Technical depth
Tray vs ladder rack vs trunking vs galvanised conduit, picking the right system for the job
Heavy-duty cable tray (returned-edge, hot-dip galvanised, typically 100–600mm wide) is the workhorse for power and control runs above 25mm², strong, well-ventilated, easy to add to. We default to medium- or heavy-duty class to BS EN 61537 on industrial sites, with support centres calculated from the loaded weight per metre rather than picked from a catalogue default. Returns, tees and bends are factory-formed and bonded with proprietary earth straps across every joint.
Ladder rack (rung-style, hot-dip galvanised) is the right answer for very heavy power runs, long SWA sub-mains, busbar feeds, motor cables 95mm² and above. The rungs give the cables a mechanical bearing surface, ventilation is excellent for thermal management, and the structural strength supports brackets at 2–3m centres instead of every metre. We use ladder rack on every recycling and process site we install because the dust and vibration are unforgiving.

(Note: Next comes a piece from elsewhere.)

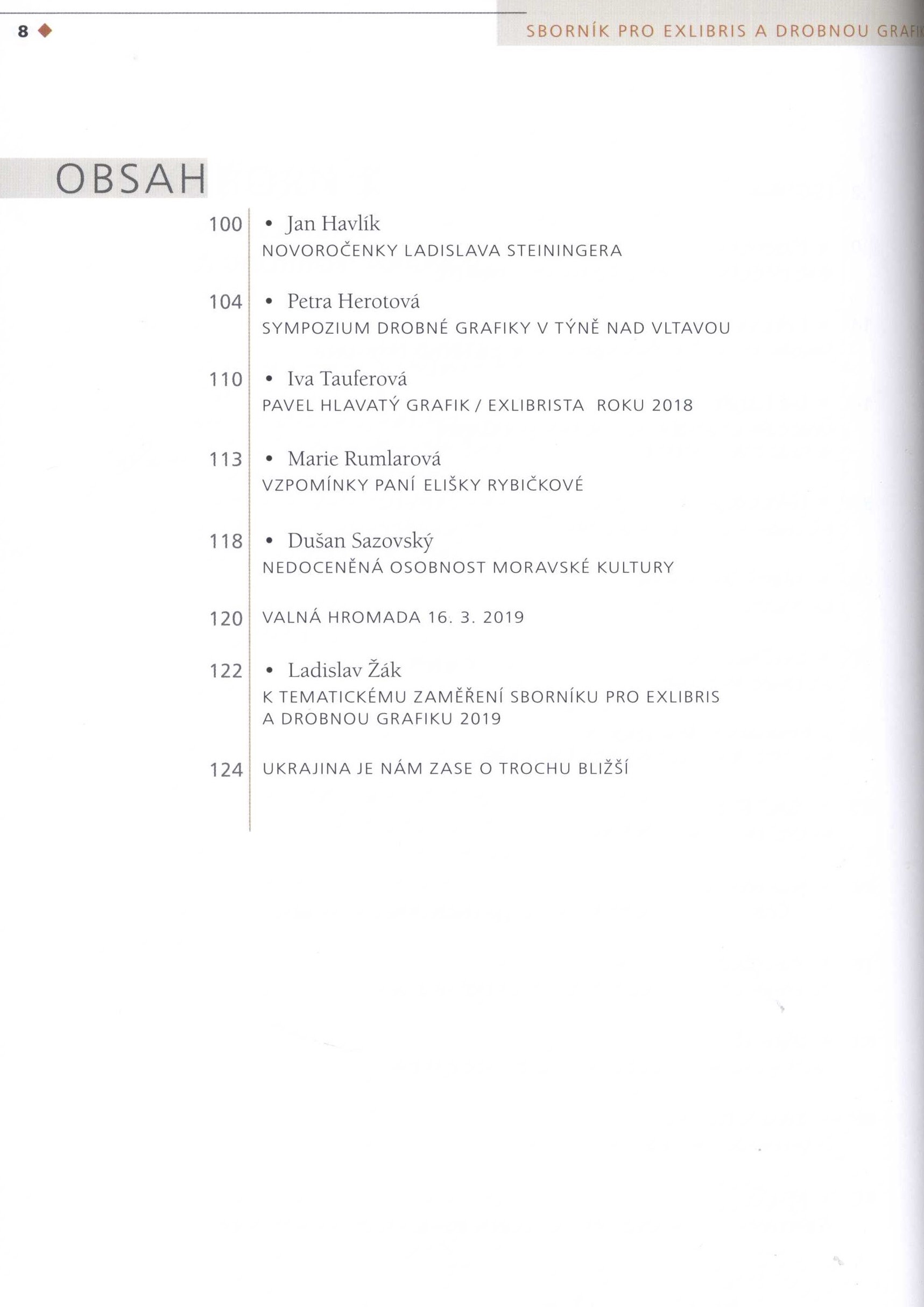 Title information Sborník pro exlibris a drobnou grafiku Další autoři Laňková, Stanislava, 1960- (Bookjacket designer) Hraba, Zbyněk, 1960- (Illustrator) Corporation Spolek sběratelů a přátel exlibris (Publisher) Fastr typo-tisk (tiskárna) (Printer) Roč., číslo 2019 Publication Praha : Spolek sběratelů a přátel exlibris, 2019 Manufacture FASTR typo-tisk Scope 167 stran: ilustrace, fotografie, portréty, faksimile ; 22 cm ISBN 978-80-906980-8-6 (brožováno) Country Czech Republic Language Czech Note Zdobená obálka. - Rozložený titulní list. - Černobílé i barevné fotografie, portréty a ilustrace. - Faksimile. - 500 výtisků. - Vydáno u příležitosti stého výročí narození Oty Janečka

Steel trunking (50–300mm, lid-on) suits dense control and instrumentation work where you want segregation between power, control and data, typically running into MCC panels and field junction boxes. Galvanised conduit (heavy-gauge steel, screwed) is reserved for mechanical-protection runs, motor tails, machine drops and anywhere the cable is exposed to impact, oil or hot work. We never mix systems on a single run without a proper transition box, a clean install reads as one decision per run, not a patchwork.